From what you wrote it appears that PackageTools:-Install creates a new, hard-wired directory structure in my home directory (maple/toolbox/...). What if I want this to be somewhere else? What is this guy "%USERFOLDER%"? Can I set this to some folder I chose? I am familiar with the kernelopts() directories and with currentdir() and libname; but this is a new one for me.



@dharr Hmm... thanks much for finding this out.

The page breaks I have in the file are there for reason of structuring the document esp. when printed to a pdf and looked at in this way, and I am not really interested in removing them. I don't know what a "child page break" is supposed to be; but this will prevent me from creating a workbook of Lattice. It is actually a real issue: Maple has the unique ability to allow typesetting text; adding things like page breaks and line breaks etc. are a fairly fundamental part of it. For our accelerator physics course I practically wrote a book in Maple. If workbooks do not support this it mars the concept.

And I cannot even fathom why the workbook even cares about these.

Anyway, needs to get fixed pronto. SCR incoming.



@nm if the fopen() call fails, Maple stops unless you catch the error using try...catch. If it does not stop, the fopen was successfull & you can rely on the filehandle being valid.

Does not seem to be that bad to me. If you want to get fancy, try...catch allows you to parse the error message & catch only specific errors, so you can take specific actions. E.g. if you try to fopen an already open file, fopen will fail as well (per the help page) and you can catch that. Although I have had trouble with this mechanism & gave up on being fancy.

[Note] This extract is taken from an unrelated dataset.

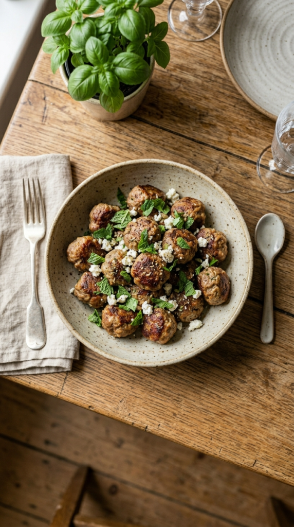 - Chicken and Feta Meatballs: Feta works just as well with chicken, providing a burst of salty creaminess against the lean meat.

High-level, but in my view not so bad. Incidentally, I do not fund the help page that bad. It explains all this pretty much.


@MTata94 @phil2 The FAQ phil2 mentions seems to address mostly issues where the Maple GUI cannot connect to the kernel. This is not the case for you MTata94, if I understand correctly.

Independent of that, however, you should have the files mentioned in the FAQ; these are the main Maple binaries. Without them you would not have a working installation. Note that on OS X, there is a /Library, sitting in Macintosh HD (your boot disk) and a ~/Library, sitting in your home directory. The Maple frameworks will be in /Library.

What are the general settings of your Firewall?


@John Fredsted Probably not, as when Maple hangs it will never get to the time statement.

I have used a variation on your theme, however: In a lengthy piece of code I would store the values of time()-t after each specific step in an array with the index counting up as the code goes along. When it got stuck I would break out & examine the array & see how far the code got. If it goes around the loop then you look for the value going down with increasing index; that is where the previous iteration values are still present & Maple hung.

When the code runs the overhead at least in my case was insignificant.

Another thing I would do for lengthy loops is to setup a gauge indicator that increments each iteration of the loop. This gives a nice visual clue of progress.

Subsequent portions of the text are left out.